- PROBLEM TO SOLVE -
Given these entries, repeat exactly the lines starting with the one that has "10 Pcs Real" and going on through the one that has "Auroral intensity index", both included, but none of the pictures.

- SUPPLIED RECORDS -
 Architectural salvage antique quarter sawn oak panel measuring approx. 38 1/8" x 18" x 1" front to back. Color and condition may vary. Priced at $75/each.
==
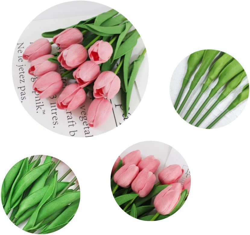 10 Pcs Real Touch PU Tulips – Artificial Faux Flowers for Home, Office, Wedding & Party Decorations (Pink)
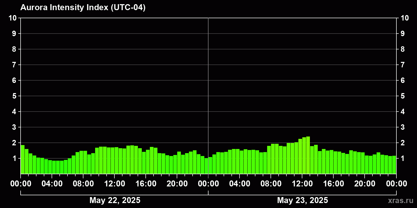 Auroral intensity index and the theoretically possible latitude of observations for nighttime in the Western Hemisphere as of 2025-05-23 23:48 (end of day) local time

- EXPECTED ANSWER -
 10 Pcs Real Touch PU Tulips – Artificial Faux Flowers for Home, Office, Wedding & Party Decorations (Pink)
 Auroral intensity index and the theoretically possible latitude of observations for nighttime in the Western Hemisphere as of 2025-05-23 23:48 (end of day) local time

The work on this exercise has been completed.